SMP is an architecture in which processors are connected to common system memory using a bus or similar connection) symmetrically and have equal access to it. Just as shown in the diagram below (using the example of two CPUs), all Intel multiprocessor machines were arranged when the memory controller (MCH / MGCH), better known as the “North Bridge” (“NorthBridge”) was located in the chipset.





')

The disadvantage of SMP is obvious - as the number of CPUs grows, the bus becomes a bottleneck, significantly limiting the performance of memory-intensive applications. That is why SMP systems almost do not scale, two or three dozens of processors for them is already a theoretical limit.

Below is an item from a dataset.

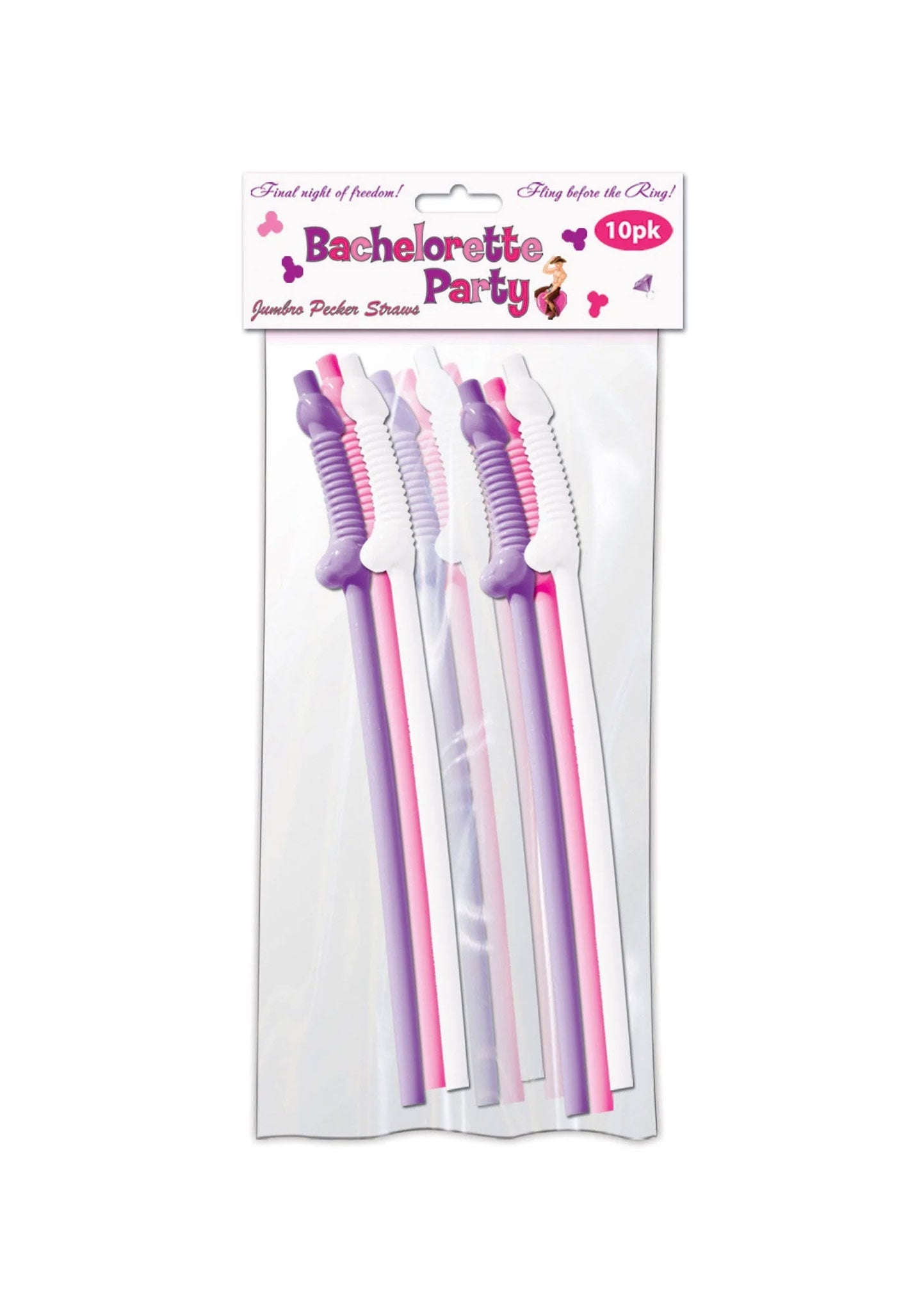 10 Flexible, Bendy Straws. 12 Inch Pecker Party Straws in 3 fun colors of pink, purple and white.

An alternative to SMP for productive computing is MPP (Massive Parallel Processing).

MPP is an architecture that divides the system into multiple nodes, in which processors have access exclusively to local resources. MPP scales well, but not so well programmed. Namely, it does not provide a built-in mechanism for exchanging data between nodes. That is, MPP software should implement communications, distribution and scheduling of tasks on nodes, which is not suitable for all tasks and their programmers.



And finally, NUMA (Non-Uniform Memory Access). This architecture combines the positive features of SMP and MPP. A NUMA system is divided into multiple nodes that have access to both its local memory and to the memory of other nodes (logically called “remote”). Naturally, access to remote memory is much slower than local . From there, and the name - "non-uniform memory access." This is not only the name, but also a lack of NUMA architecture, which may be mitigated by special software optimization, which is further.



This is how the two-socket NUMA Intel Xeon system (namely, Intel NUMA debuted) with memory controllers integrated into the CPU looks like.





The processors are connected here by QPI - Intel QuickPath point-to-point connection with high bandwidth and low transmission latency.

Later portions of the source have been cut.